The Sill
The sun’s rays are slow in reaching her sill,
but she’s not bothered by its tardiness.
Nursing the narcissus by the shut window,
she feels the moistness of the cold, damp soil.
In the shadows, she lives, from sun to sun,
a living phantom of hopes stale and cold.
As she gropes for the watering can, a cold
sweat comes upon her. Leaning on the sill,
as if it upheld the weight of lost sun,
ruined splendor, she recalls his tardiness,
his nonchalance, her brave despair, the soil
of her injured pride — fire without a window. . .
All’s evoked by the can’s rawness, a window
to wounds, a touch condemning her to cold
remembrances. She left her native soil
for his. He found her sitting on a sill,
eager to be led, for the tardiness
of love weighed on her heart. He was her sun.

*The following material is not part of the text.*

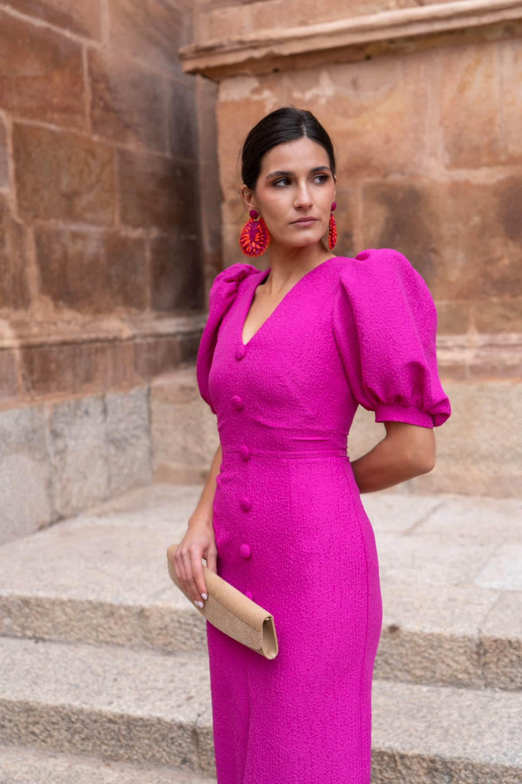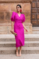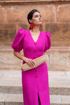 Vestido midi, escote en forma de V, manga corta abullonada, detalle botones delanteros (no se abren), abertura delantera. En color buganvilla.

Now permanently exiled from the sun
of youth, eviscerated by the window
of time, she shuffles with the tardiness
of death, waiting for rage to die. A cold,
dissonant howl were his eyes by the sill
as he silently casted her off as soil.
She had given her trust only to soil
her heart. While tears watered her wrath, her sun
of sorrow shone blindingly on the sill
of eclipsed remorse. Staring out a window,
she had seen him give daffodils on cold
days to someone else without tardiness.
Her narcissus is blind, (a tardiness
of blooms, she’s told), just leaves on fertile soil.
He said he desired children with her ... Cold
are his brow and his lips. Glazed by the sun,
its oblong rays, the water is his window
to the sky ... No daffodils grow on her sill.
The sun and water collide on the cold
dark soil. She stares blankly out the window. . .
He paid for his tardiness to love by the sill.